Esta proposta deve caminhar com outras políticas que advoguem pelo uso de mais moeda nacional (como, por exemplo, acabam de firmar Uruguai e Argentina), dotar-se de mecanismos financeiros próprios, de política regional de compras públicas, de investimento público supranacional, de arbitragem regional e de políticas que integrem, de modo emancipador, cultura e educação. Esta nova integração, de rosto humano, requer ter a clareza de que as relações comerciais não podem se solidificar sobre desigualdades e pobreza. O êxito desta humanização do Mercosul, depende das vicissitudes e pretensões individuais, e da dialética no triângulo Venezuela-Argentina-Brasil.
De um lado, no próximo dia 7 de outubro, a Venezuela decide se continua com o atual processo de transformação soberano, em favor das classes mais populares, ou se volta a se colocar a serviço da oligarquia. Caso Chávez vença, pode servir como catalisador de um Mercosul mais forte e harmonioso na relação entre as grandes e as pequenas economias. Por outro lado, a Argentina continua crescendo e apostando no fortalecimento da demanda interna, redistribuindo excedente econômico e em pleno processo de reindustrialização, em favor da redução de sua dependência das importações e da “sojização” das exportações. A questão é saber se a Argentina, considerando a Venezuela e outros possíveis sócios, irá se “desbrasilizar” ou se, pelo contrário, fará complementação, pela qual contribuiria para um notável desequilíbrio econômico regional.
O outro país é o gigante brasileiro, com um lema que fala por si só: “país rico é país sem pobreza”, em parte, está conseguindo, embora recentemente tenha optado por um programa consubstancial de estímulos a favor do setor privado, para enfrentar os primeiros sintomas de desaceleração. Pouco sabemos se sua obsessão por ser a quarta economia do mundo o levará a aceitar outras regras do jogo, ou se irá impor sua agenda latino-americana de bem-estar para seu modelo de desenvolvimento.

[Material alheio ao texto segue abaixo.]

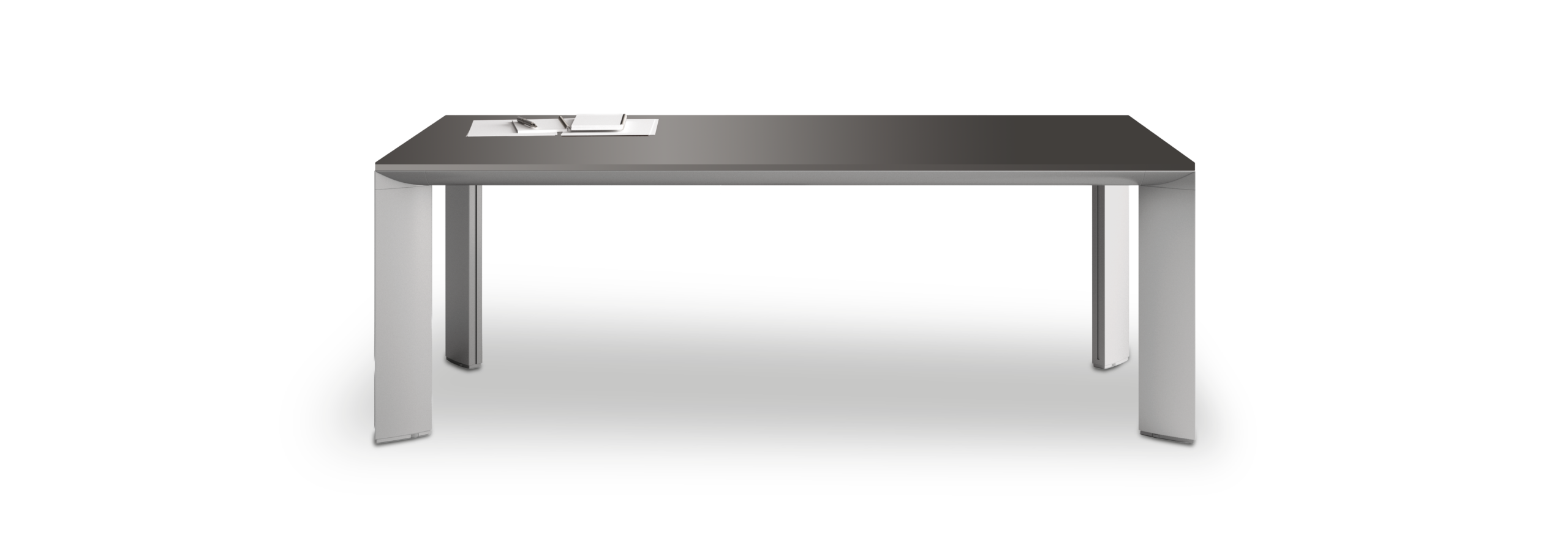 Le superfici uniformi e opache del piano valorizzano la purezza delle geometrie, enfatizzando la linearità della struttura in alluminio. La selezione delle tre varianti neutre laccate realizzano un’immagine professionale, capace di dialogare con ambienti architettonici moderni e spazi direzionali, e le due conformazioni del piano, con bordo regolare o smussato, interpretano due stili differenti: essenziale o raffinato. La struttura, dal design inconfondibile, si inserisce in questo quadro offrendo soluzioni in alluminio verniciato, ma anche rivestite in pelle, per unire design e grande prestigio.

Neste tabuleiro de grandes, uma novidade é o México, que até pouco tempo tinha olhado pelo retrovisor. O novo presidente está em viagem atualmente. Guatemala, Colômbia, Brasil, Chile, Argentina e Peru são os destinos escolhidos, não por acaso. Está para ser visto como o México se relaciona com os dois grandes do Mercosul, em termos compatíveis com o seu projeto de fazer parte do eixo de direita da Aliança do Pacífico.
A geopolítica não é estática. Como os meses passados, os próximos voltarão a ser decisivos, e assim sucessivamente. Além disso, a América Latina não vive só, depende da forma como o mundo se movimenta. E a próxima estação é a reunião dos países emergentes Brics, para a qual, desta vez, a Argentina está convidada. Falaremos dos Bricsa, nos próximos meses?